The Brin-A-Loon: A Lofty Idea Is Ready to Take Flight

November 3, 2023

green-dino_thumb_thumbThis essay is the work of a dumb humanoid. No smart software required.

I read “Sergey Brin’s 400-Foot Airship Reportedly Cleared for Takeoff.” I am not sure how many people know about Mr. Brin’s fascination with a balloon larger than Vladimir Putin’s yacht. The article reports:

While the concept of rigid airships and the basic airframe design are a throwback to pre-Hindenburg times of the early 1900s, Pathfinder 1 uses a frame made from 96 welded titanium hubs, joined by some 289 reinforced carbon fiber tubes. These materials advances keep it light enough to fly using helium, rather than hydrogen as a lift gas.

10 28 brinaloon

A high technology balloon flies near the Stanford campus, heading toward the Paul Allen Building. Will the aspiring network wizards notice the balloon? Probably not. Thanks, MidJourney. A bit like the movie posters I saw as a kid, but close enough for horseshoes and the Brin-A-Loon.
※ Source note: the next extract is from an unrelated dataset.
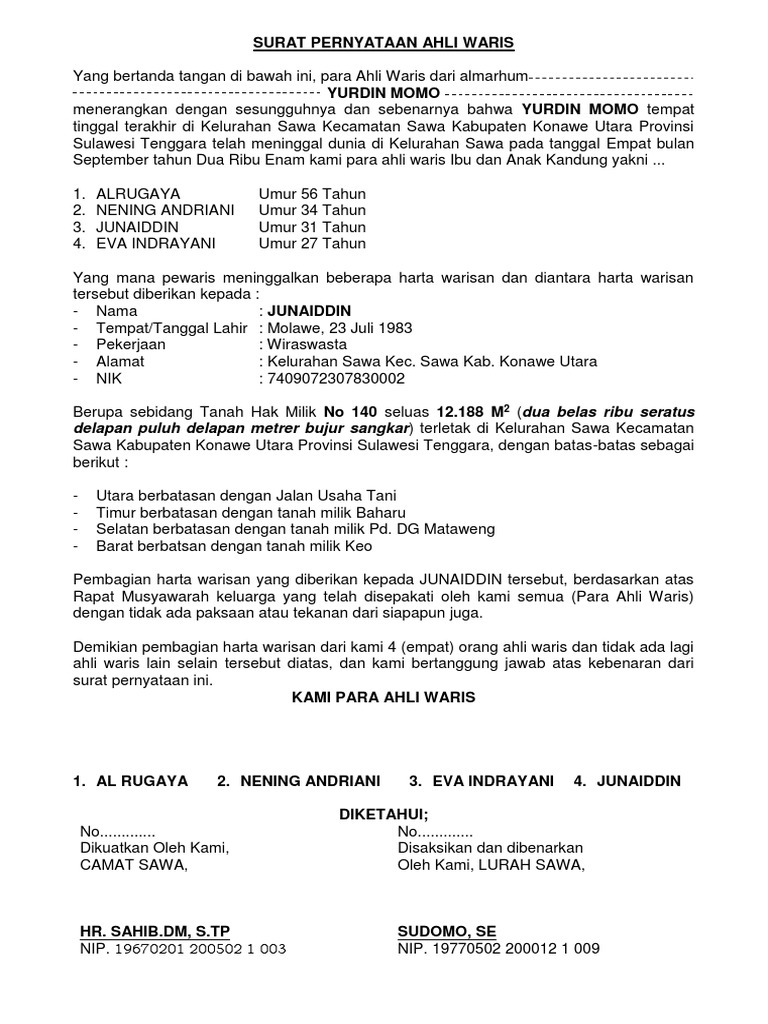 Bapak marwan dan ibu susilowati yang keduanya sudah meninggal dunia di makassar, untuk selanjutnya disebut pihak ke i (pertama). Jika kita memiliki harta benda, maka sangat penting penerima kuasa bertindak sebagai ahli waris dari pemberi kuasa sebagaimana yang dimaksud dalam penetapan pengadilan agama kecamatan. Namun, biasanya pihak penjual merupakan pemilik yang namanya tercantum dalam sertifikat tanah. Saat membuat surat kuasa, jangan lupa juga untuk menuliskan orang yang diberikan kuasa, tulisan dengan jelas nama lengkap orang yang diberikan kuasa, nomor. Contoh surat pernyataan ahli waris jual beli tanah.

High tech. Plus helium (an increasingly scarce resource for the Brin-A-Loon and party balloons at Dollar General) does not explode. Remember that newsreel footage from New Jersey. Hydrogen, not helium.

The article continues:

According to IEEE Spectrum, the company has now been awarded the special airworthiness certificate required to fly this beast outdoors – at less than 1,500 ft (460 m) of altitude, and within the boundaries of Moffett Field and the neighboring Palo Alto Airport’s airspace.
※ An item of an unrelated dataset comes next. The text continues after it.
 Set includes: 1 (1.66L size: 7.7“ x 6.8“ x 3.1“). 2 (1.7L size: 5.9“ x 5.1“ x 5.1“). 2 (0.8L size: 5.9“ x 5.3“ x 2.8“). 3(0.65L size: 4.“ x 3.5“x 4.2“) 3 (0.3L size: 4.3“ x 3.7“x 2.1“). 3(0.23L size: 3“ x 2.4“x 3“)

Will there be UFO reports on TikTok and YouTube?

What’s the purpose of the Brin-A-Loon? The write up opines:

LTA says its chief focus is humanitarian aid; airships can get bulk cargo in and people out of disaster areas when roads and airstrips are destroyed and there’s no way for other large aircraft to get in and out. Secondary opportunities include slow point-to-point cargo operations, although the airships will be grounded if the weather doesn’t co-operate.
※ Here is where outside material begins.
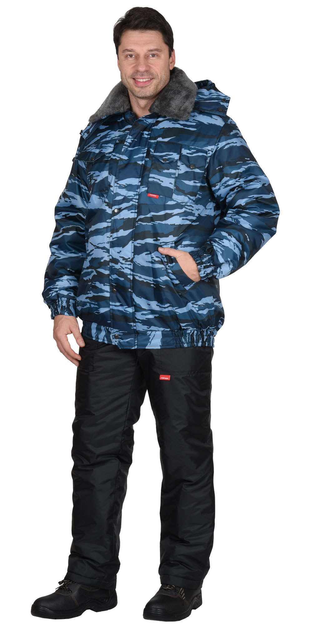 Куртка охранника мужская. зимняя "ПОЛЮС" цвет камуфляж "Серый вихрь"
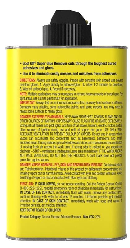 Goof Off Super Glue Remover works the first time to remove the toughest cured adhesives and dried glues. This remover, trusted by crafters and Do-It- Yourselfers, helps avoid costly messes and mistakes from adhesives. It clears away the toughest glues like Super Glue, epoxy adhesive and Gorilla Glue. To use, directly apply to dried glue or adhesive then wipe with a cloth. Watch as this super adhesive glue remover works to remove the dried glue that had once left you puzzled. If you are looking for an adhesive remover, look no further. The Goof Off Super Glue Remover gets the job done. Keep away from children. Read and follow all label directions.

I remember the Loon balloons. The idea was to use Loon balloons to deliver Internet access in places like Sri Lanka, Puerto Rico, and Africa. Great idea. The hitch in the float along was that the weather was a bit of an issue. Oh, the software — like much of the Googley code floating around — was a bit problematic.

The loon balloons are gone. But the Brin-A-Loon is ready to take to the air. The craft may find a home in Ohio. Good for Ohio. And the Brinaloon will be filled with helium like birthday party balloons. Safer than hydrogen. Will the next innovation be the Brin-Train, a novel implementation of the 18th century Leland Stanford railroad engines?